Apa saja faktor risiko dan penyebab penyakit tuberkulosis?

Tuberkulosis (Tuberculosis) adalah penyakit menular yang disebabkan oleh bakteri Mycobacteri yang merupakan penyebab utama kecacatan dan kematian di sebagaian besar Negara di seluruh dunia.

Faktor-faktor yang berhubungan dengan kejadian penyakit Tuberkulosis dan menjadi penyebab penyakit tuberkulosis antara lain :

1. Karakteristik individu

Karakteristik individu yang berpengaruh terhadap kejadian penyakit Tuberkulosis antara lain :

  • Jenis kelamin
    Penyakit Tuberkulosis paru cenderung lebih tinggi pada jenis kelamin laki-laki dibandingkan perempuan, karena kebiasaan merokok dan minum alcohol sehingga system pertahanan tubuh menurun dan lebih mudah terpapar dengan agen penyebab Tuberkulosis paru (Aditama, 2000) sedangkan menurut Crofton (2002) hampir tidak ada perbedaan diantara anak laki-laki dan perempuan sampai pada umur pubertas. Bayi dan anak kecil pada kedua jenis kelamin sama-sama memiliki daya tahan tubuh yang lemah.

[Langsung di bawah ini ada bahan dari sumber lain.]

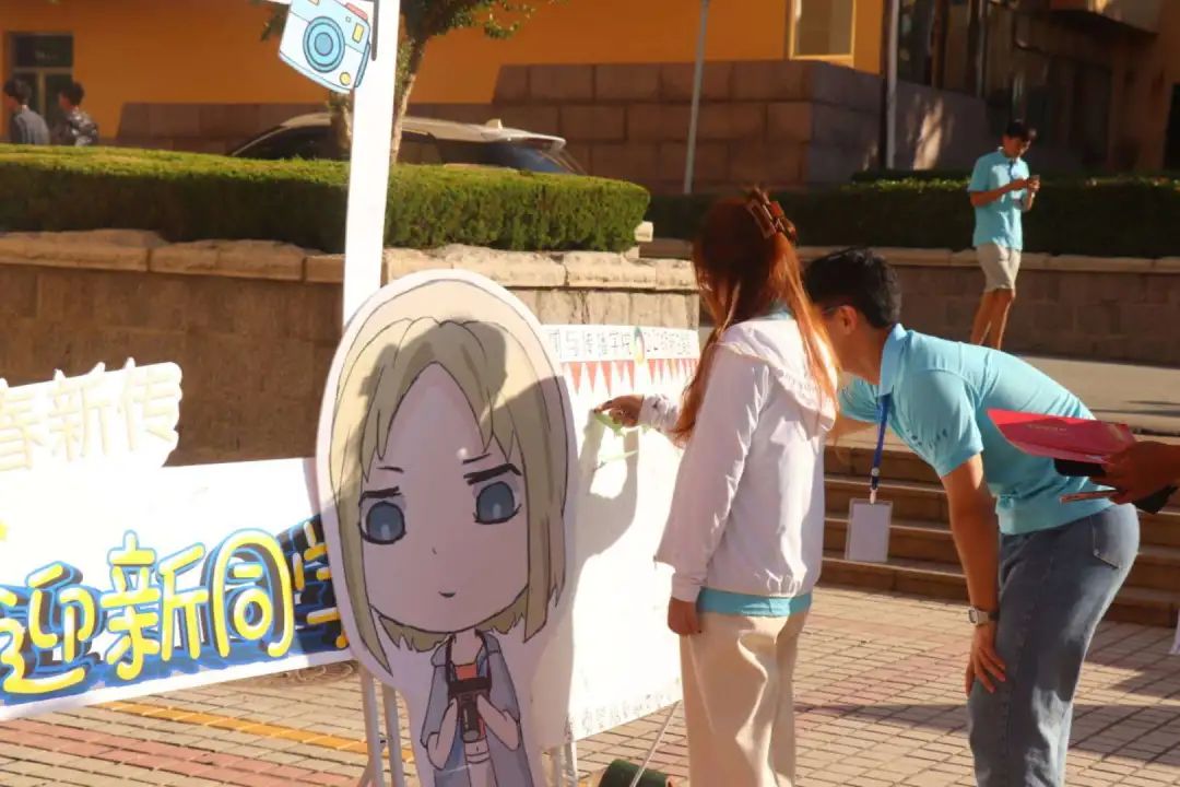 不仅如此,学院还为新生精心准备了签名板,新生在签名板上写下自己对大学四年的期待,对未来的愿景或者对自己的激励。

    Hasil Riskesdas 2007 menyatakan bahwa prevalensi Tuberkulosis paru BTA (+) pada laki-laki sebesar 1,08% dan pada perempuan sebesar 0.90%. Sedangkan Riskesdas tahun 2010 dilaporkan bahwa periode prevalensi Tuberkulosis paru BTA (+) laki-laki sebesar 0,819% dan perempuan 0,634%.

    Penelitian Desy di RS. Khusus paru Surabaya menunjukkan bahwa jenis kelamin anak laki-laki lebih berisiko (OR=0,7) dari pada anak perempuan.

  • Umur
    Umur termasuk variable penting dalam mempelajari suatu masalah kesehatan karena ada kaitannya dengan daya tahan tubuh, ancaman kesehatan dan kebiasaan hidup (Azwar, 1999 dalam Octaviany, 2008). Tuberkulosis merupakan salah satu penyakit penyebab kesakitan dan kematian pada semua usia di seluruh negara terutama negara berkembang. Insiden tertinggi tuberculosis biasanya banyak mengenai usia dewasa muda. Angka pada pria selalu lebih tinggi pada semua kelompok usia tetapi angka pada wanita cenderung menurun tajam sesudah melampaui masa subur. Pada wanita, prevalensi mencapai maksimum pada usia 40 – 50 tahun dan kemudian berkurang. Pada pria, prevalensi terus meningkat sampai mencapai 60 tahun (Crofton, 2002). Pada usia lanjut lebih dari 55 tahun, system imunologis seseorang menurun, sehingga rentan terhadap berbagai penyakit , termasuk penyakit Tuberkulosis paru (Helen, 2006).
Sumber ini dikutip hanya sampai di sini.